Se puede vivir sin esperanza y ser amable, generoso, ingenuo, valeroso, exigente, comprometido… De hecho, creo que es la única forma de encarar con dignidad y sin cinismo los tiempos venideros. Que empezaron, por cierto, hace ya mucho tiempo
Escucho una brillante intervención del periodista Pedro Vallín en la que, contra el prestigio fácil de los sombríos, reivindica el optimismo al mismo tiempo que se desmarca de la ingenuidad. Yo sostengo lo contrario: hay que ser pesimista y defender la ingenuidad. Vallín, que dice cosas muy sensatas, confunde planos paralelos. Todas las noticias –las sedicentes “nuevas”– proceden de la historia y si alguna excepcionalmente es buena tiene que ver con el heroísmo, es decir, también con la excepción. No puede ser noticia que “una madre ha cambiado a regañadientes, sin un gramo de optimismo, los pañales de su hijo y luego le ha besado el ombligo”. La normalidad, que es bonachona, no está en la historia y no hace la historia; remienda sus desaguisados y sostiene sus ruinas. Hace falta mucha ingenuidad para volver a empezar todos los días en un mundo tan malo; hace falta mucha ingenuidad para volver a encender el fuego, regar las flores, velar al enfermo. Constituiría una mala noticia, a mi juicio, que esos gestos cotidianos pasaran a ser noticia, pues indicaría que también la rutina salvífica se ha convertido en anomalía histórica. Abusando de una metáfora de “género”, podríamos decir que el optimismo es propio de los hombres, que se engañan sobre el futuro, sobre el gobierno, sobre sus propios méritos; y que se embarcan, con destructivo optimismo, en proyectos fantasiosos que bombardean ciudades y levantan patíbulos. Las mujeres no suelen engañarse sobre sus maridos ni sobre sus políticas; son pesimistas y lo son precisamente porque están acostumbradas a reparar daños que saben inevitables. Son pesimistas pero ingenuas. No esperan nada mejor de la historia, pero siguen creando en sus anfractuosidades las condiciones para que, mientras se viene abajo, el mundo siga siendo vivible. Por eso precisamente no se ha venido abajo.

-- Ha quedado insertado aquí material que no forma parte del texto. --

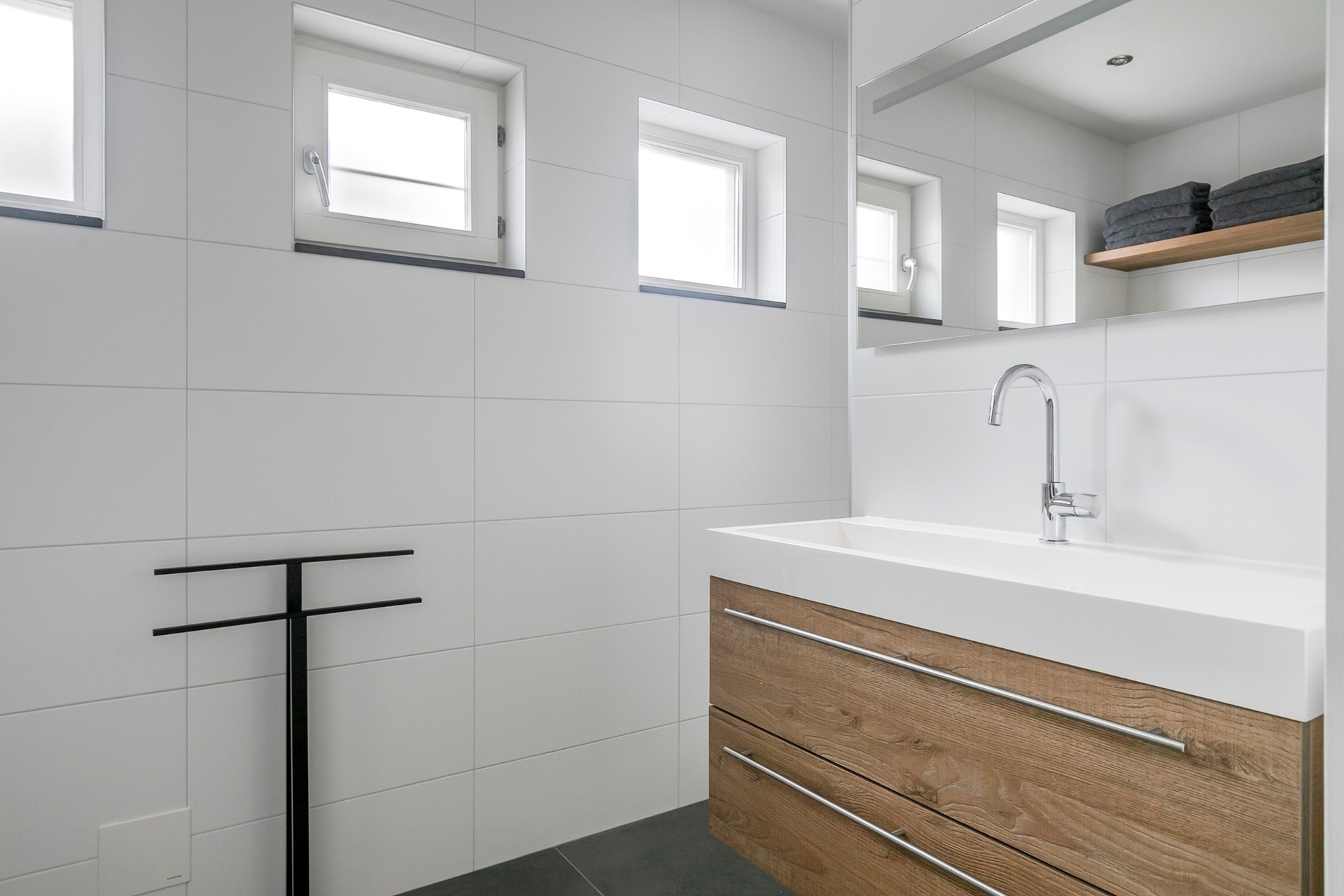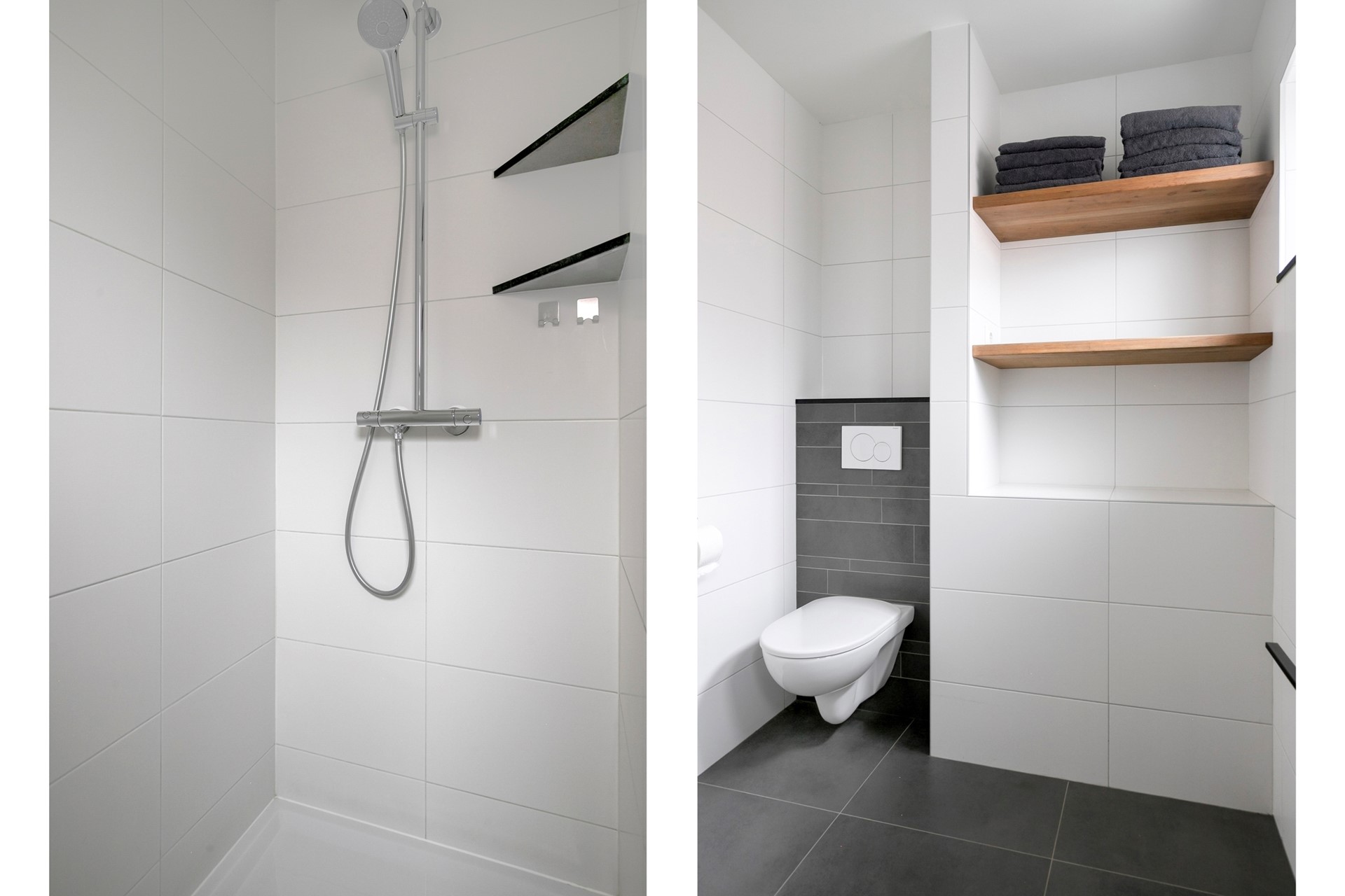 De moderne badkamer heeft een tegelvloer met vloerverwarming, volledig betegelde wanden en een stucwerk plafond met inbouwspots. Voorzien van een wandcloset met opzetplateau, een badmeubel met vaste wastafel en een verwarmde spiegel met verlichting en een inloopdouche met thermostaatkraan een regendouche. Er is zowel mechanische- als natuurlijke ventilatie aanwezig middels een hardhouten raampje met dubbele beglazing.

Pero no se pueden confundir los dos niveles –el de la condición humana y el de la condición histórica del ser humano– y considerar que la banalidad del bien desmiente de algún modo el progreso histórico hacia la destrucción del mundo. Las malas noticias estridentes dicen mucho acerca de la historia, incluidos en ella los periódicos; las buenas inaudibles dicen mucho acerca de la humanidad. El optimismo consiste en confundir una y otra; en creer que la humanidad que engrana en la historia es la misma que remienda sus harapos; en pensar que la humanidad que cuida enfermos y da abrigo al friolero está al mando de la historia. El ingenuo acomete estas gigantescas minucias a sabiendas de que la sociedad y la vida son ya solo refugios frente a una nueva Naturaleza cuyas leyes severas se imponen una y otra vez al margen de nuestra solidaridad y nuestra abnegación. Nuestra sorpresa al ver a los buenos vecinos que ayer nos prestaron sal hacer el mal al día siguiente quedaría muy amortiguada si comprendiésemos este desdoblamiento vital: unos días trabajamos para la historia y otros para la humanidad. De hecho, trabajamos muchos más días para la humanidad sin que se note; pero el día –o la hora– en que trabajamos para la historia destruimos de un plumazo todo lo que hemos levantado. Por eso la historia siempre nos va a llevar ventaja; y por eso no podemos ni debemos ser optimistas. Debemos ser –más bien– ingenuos pesimistas capaces de coser lentamente un botón en medio de los escombros o de abrir trabajosamente un paraguas frente a la avalancha del tsunami (o de estudiar a fondo los gasterópodos y el teatro isabelino mientras se incendia la casa). El optimismo suele ser la antesala del cinismo, que es el más potente acelerador de la historia, pues desprecia a esa humanidad que se opone a ella con trebejos caseros, con cucharas y vendas y palillos. El que ha perdido la ingenuidad a fuerza de optimismo, se regodea en la impotencia; el cínico obtiene ventaja en ridiculizar el gesto ingenuo del bombero pesimista, de la madre regañona, del enfermero brusco. El trabajo en favor de la humanidad es un trabajo perdido, es verdad, salvo porque mantiene con vida a la humanidad, donde aún pasamos algunas horas al día.